*Exercise:* Stop after the line with "для ножей. |". Up to that point, output every line of the listing below exactly from the first one onward, skipping pictures.

======== Material provided ========

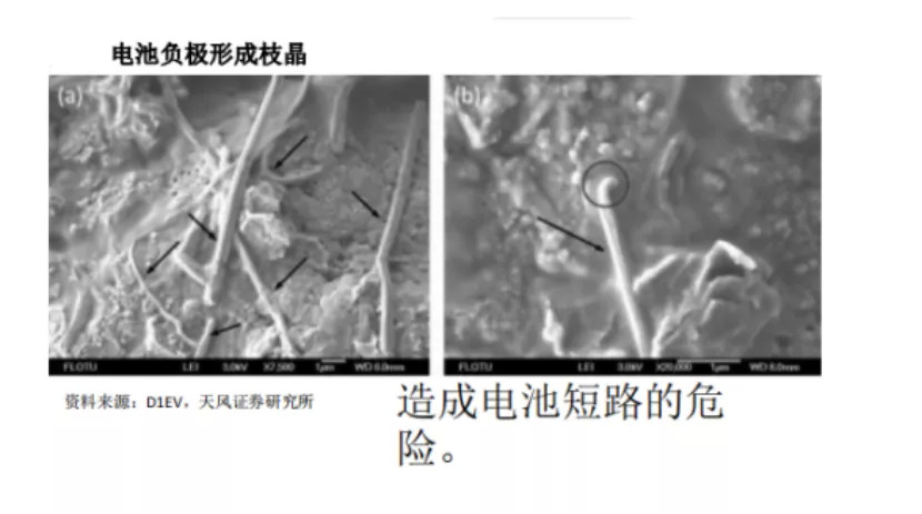 然而负极家的床位不够了,无家可归的锂离子只能睡在外面,这边是析锂,逐步形成枝晶锂,便可能刺穿电解液,造成短路,从而引发事故。
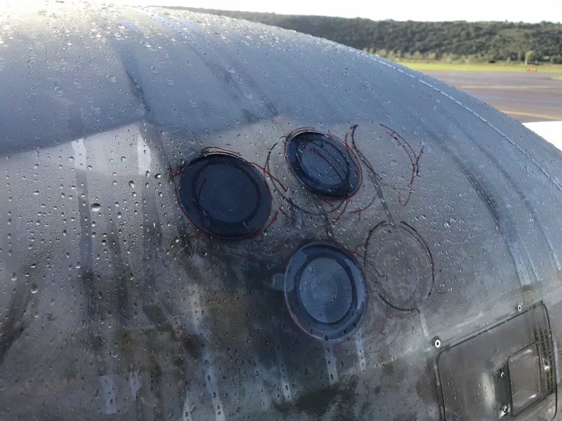 Vyznačení míst pro přísavky držáku kamery Osmo na překrytu kabiny OK-LEX.
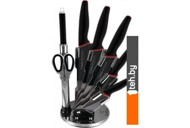 | Комплектация | - Нож для чистки овощей 9см, 1.2мм. - Нож универсальный 12.5см, 1.2мм. - Нож поварской 20см, 1.5мм. - Нож для хлеба 20см, 1.5мм. - Нож для нарезки 20см, 1.5мм.- Ножницы 20см, 15мм. - Точилка для ножей 19см. - Акриловая подставка для ножей. |
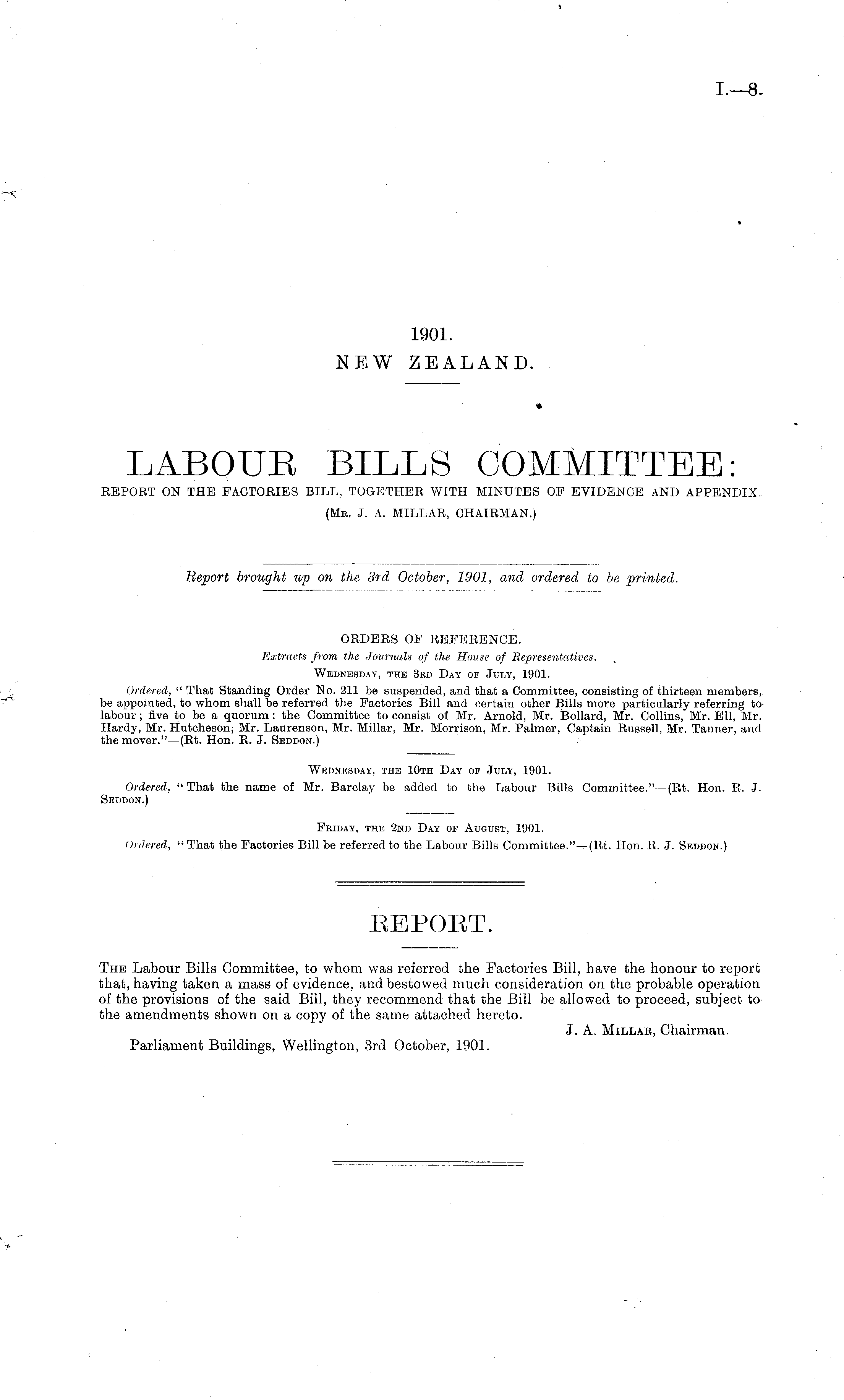 ORDERS OF REFERENCE. Extracts from the Journals of the House of Representatives. Wednesday, the 3rd Day of July, 1901. Ordered, " That Standing Order No. 211 be suspended, and that a Committee, consisting of thirteen members, be appointed, to whom shall be referred the Factories Bill and certain other Bills more particularly referring to labour; five to be a quorum : the Committee to consist of Mr. Arnold, Mr. Bollard, Mr. Collins, Mr. Ell, Mr. Hardy, Mr. Hutcheson, Mr. Laurenson, Mr. Millar, Mr. Morrison, Mr. Palmer, Captain Russell, Mr. Tanner, and the mover."—(Rt. Hon. R. J. Seddon.)

========

*Written solution:*
 然而负极家的床位不够了,无家可归的锂离子只能睡在外面,这边是析锂,逐步形成枝晶锂,便可能刺穿电解液,造成短路,从而引发事故。
 Vyznačení míst pro přísavky držáku kamery Osmo na překrytu kabiny OK-LEX.
 | Комплектация | - Нож для чистки овощей 9см, 1.2мм. - Нож универсальный 12.5см, 1.2мм. - Нож поварской 20см, 1.5мм. - Нож для хлеба 20см, 1.5мм. - Нож для нарезки 20см, 1.5мм.- Ножницы 20см, 15мм. - Точилка для ножей 19см. - Акриловая подставка для ножей. |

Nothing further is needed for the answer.